1913 年(大正 2)に分譲が始まった「新町」住宅地は、Y字型の骨格道路の両側に合計千余本のソメイヨシノが植えられた。後に「桜新町」と呼ばれるようになった。(紹介文の引用)

場所:深沢7~8、桜新町1 備考:ーーー

line
桜新町 駅前のサザエさんの像
駅前のサザエさんの像

サザエさんの町として知られている桜新町。サザエさんの生みの親である長谷川町子氏が暮らし、ここでの生活体験がサザエさんに描かれています。

桜新町という町名は、とても響きがいいです。昭和になって付けられました。それまでは、新町と呼ばれていました。

少し時を戻し、明治45年(1912年)、玉川電気鉄道の株主だった東京信託(現日本不動産)が、山林だった駒沢村深沢と玉川村下野毛飛地(現深沢7・8丁目と桜新町1丁目の南半分)を取得し、富裕層を対象にした郊外型の高級分譲住宅地、新町分譲地を整備しました。

旧・新町住宅地の桜並木
旧・新町住宅地の桜並木

その新町住宅地の道沿いには、記念植樹として、話題性を兼ねて4、5m間隔で千本あまりの桜(ソメイヨシノ)が植えられました。桜が育つと圧巻の光景となり、頭上を桜の木が覆うので、雨が降っても傘がいらないと言われたほどです。
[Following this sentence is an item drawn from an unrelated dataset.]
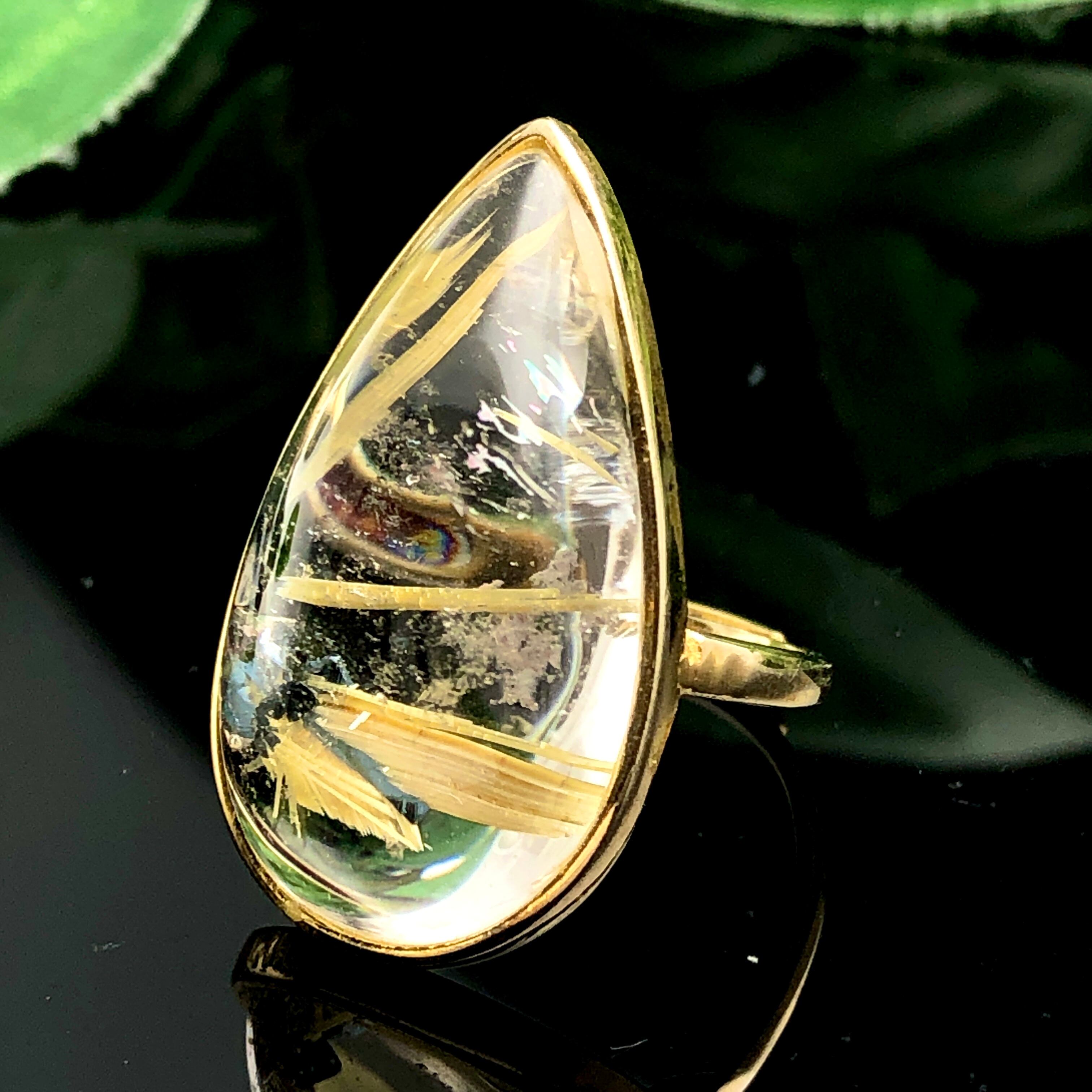 金運の石タイチン太陽ゴールドルチルクォーツリング 指輪 sv925 y1841

とてもインパクトなある光景だったようで、いつしか人々から桜新町と呼ばれるようになり、玉電の駅名が桜新町となり、町の名も桜新町となりました。

現在の新町住宅地は、後に国道や首都高が横切ってしまい、昔のような高級住宅地の雰囲気は薄くなりましたが、桜並木は健在で、春には美しい桜並木を見ることができます。